**Assignment:** Copy out the records precisely, omitting pictures.
++++
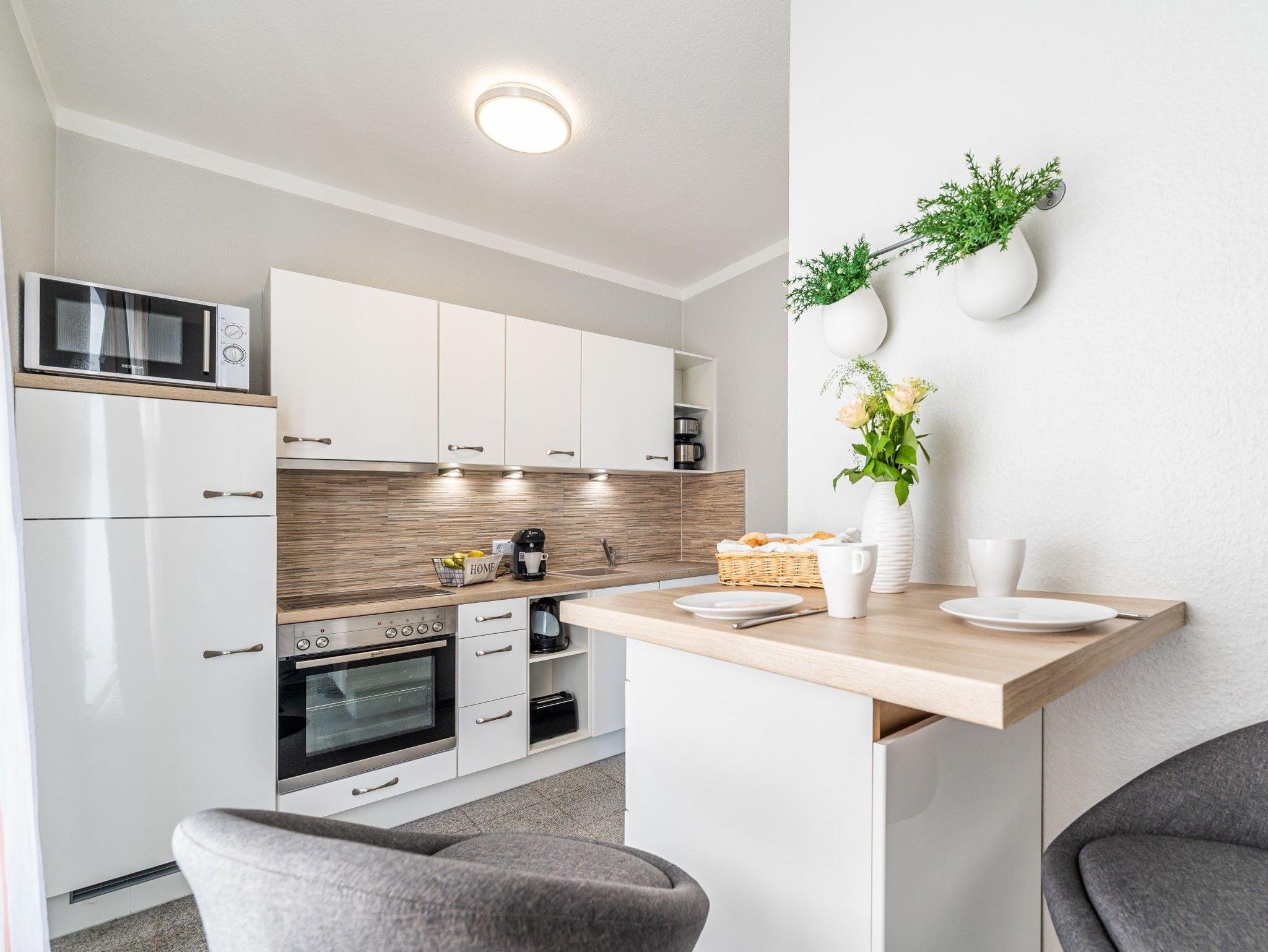 • komplett eingerichtete Küche mit Geschirrspüler, Mikrowelle, Backofen, Essplatz, Wäscheständer
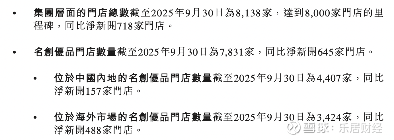 门店方面,集团层面的门店总数截至2025年9月30日为8,138家,达到8,000家门店的里程碑,同比净新开718家门店。
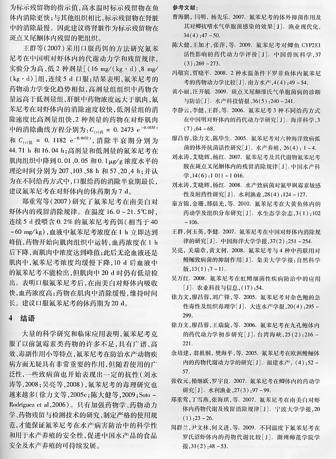 氟苯尼考的藥效學(xué)及其在水產(chǎn)動物中的代謝動力學(xué)研究進(jìn)展4
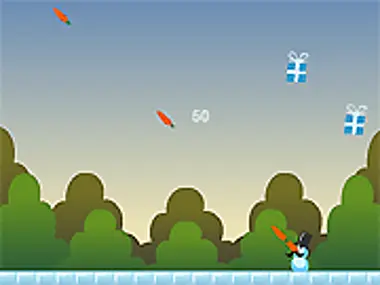 Shoot your nose carrots into the air and try to hit the falling presents.
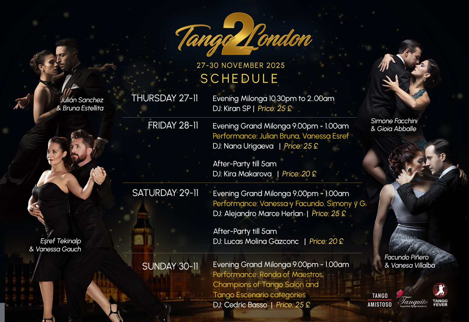 Today's Milonga Amistosa is cancelled because of the special Tango2London festival happening. Please check www.tangotolondon.com for all details.
++++
**Result of this task:**
 • komplett eingerichtete Küche mit Geschirrspüler, Mikrowelle, Backofen, Essplatz, Wäscheständer
 门店方面,集团层面的门店总数截至2025年9月30日为8,138家,达到8,000家门店的里程碑,同比净新开718家门店。
 氟苯尼考的藥效學(xué)及其在水產(chǎn)動物中的代謝動力學(xué)研究進(jìn)展4
 Shoot your nose carrots into the air and try to hit the falling presents.
 Today's Milonga Amistosa is cancelled because of the special Tango2London festival happening. Please check www.tangotolondon.com for all details.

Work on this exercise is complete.